BUFALA Alluminio dei vaccini nel cervello è la causa della morte del bambino Alfie Evans

Sul web a volte circolano delle vere e proprie malignità. Secondo una delle ultime notizie – smentita da Snopes – pare che uno studio scientifico abbia dimostrato come la morte di Alfie Evans sia avvenuta per colpa di alcuni additivi di alluminio che erano presenti nei vaccini che gli sono stati somministrati.

Qualche giorno fa, un blog che pubblica notizie false ha deciso in modo ignobile di sfruttare la terribile morte del bambino inglese Alfie Evans diffondendo un titolo clickbait in cui si è affermato, in modo del tutto falso, che una ricerca scientifica era riuscita a dimostrare come l’alluminio contenuto nei vaccini fosse stata la causa primaria della sua morte.

Il titolo scelto dal YourNewsWire.com per questo articolo recitava che «Uno studio mostra che l’alluminio era presente nel cervello del piccolo Alfie Evans». La ricerca citata dal portale in questione è terminata a luglio del 2017 e aveva come obbiettivo quello di analizzare l’effetto dei coadiuvanti di alluminio sul comportamento sociale nei topi. Non è stata fatta alcuna menzione al caso di Alfie Evans o ad altri casi clinici specifici.

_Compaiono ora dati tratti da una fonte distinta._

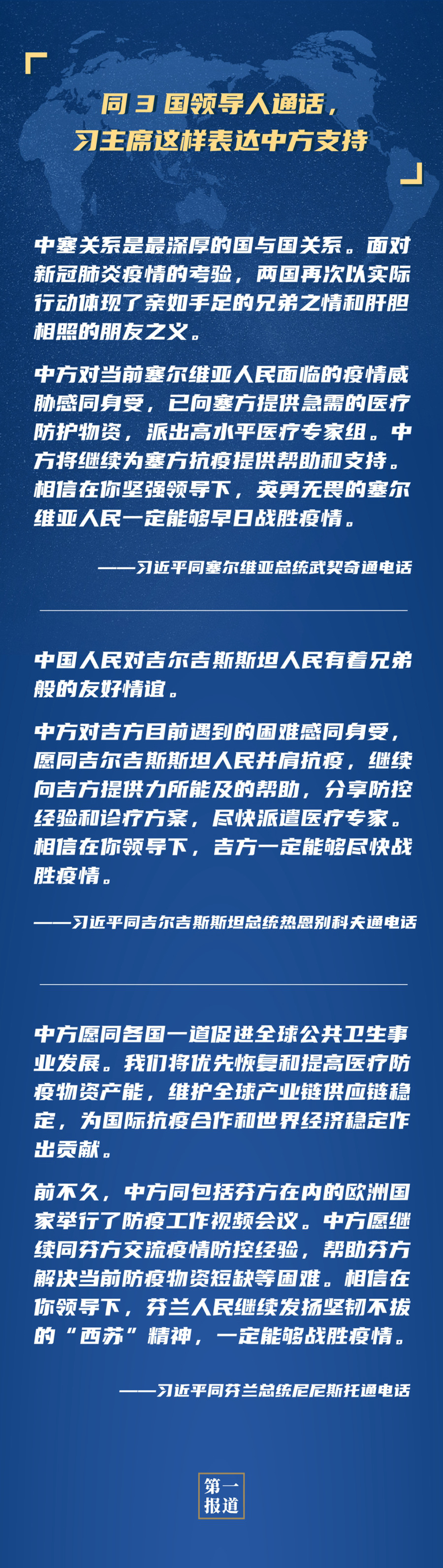 在14日晚通话中,习主席这样表达中方对3国抗击疫情的支持:
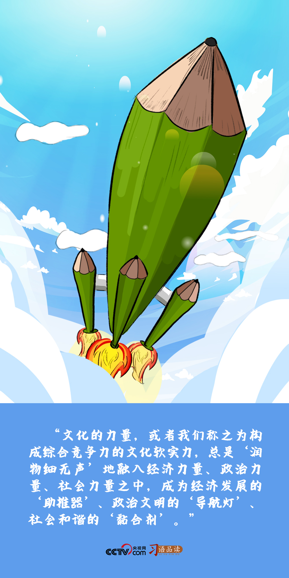 習(xí)近平用“助推器”“導(dǎo)航燈”“黏合劑”來打比方,闡述文化力量與經(jīng)濟(jì)力量、政治力量、社會(huì)力量交融互動(dòng)、融合發(fā)展的關(guān)系,形象地解析其在經(jīng)濟(jì)發(fā)展、政治文明、社會(huì)和諧等方面所起到的重要作用。

Alfie Evans è morto lo scorso 28 aprile, poco prima di festeggiare il suo secondo compleanno. È deceduto per colpa di una rara patologia degenerativa che ha colpito il cervello: solamente cinque giorni prima era stato staccato dalle macchine che lo tenevano in vita, in seguito ad una lunghissima battaglia legale che ha coinvolto i suoi genitori, che sono arrivati fino dal Papa pur di far sentire le loro ragioni.

L’Alta Corte inglese aveva sempre risposto in maniera negativa alle richieste dei genitori, dopo aver scoperto che il cervello del bambino era così compromesso che non c’era alcuna possibilità che potesse recuperare e riprendersi.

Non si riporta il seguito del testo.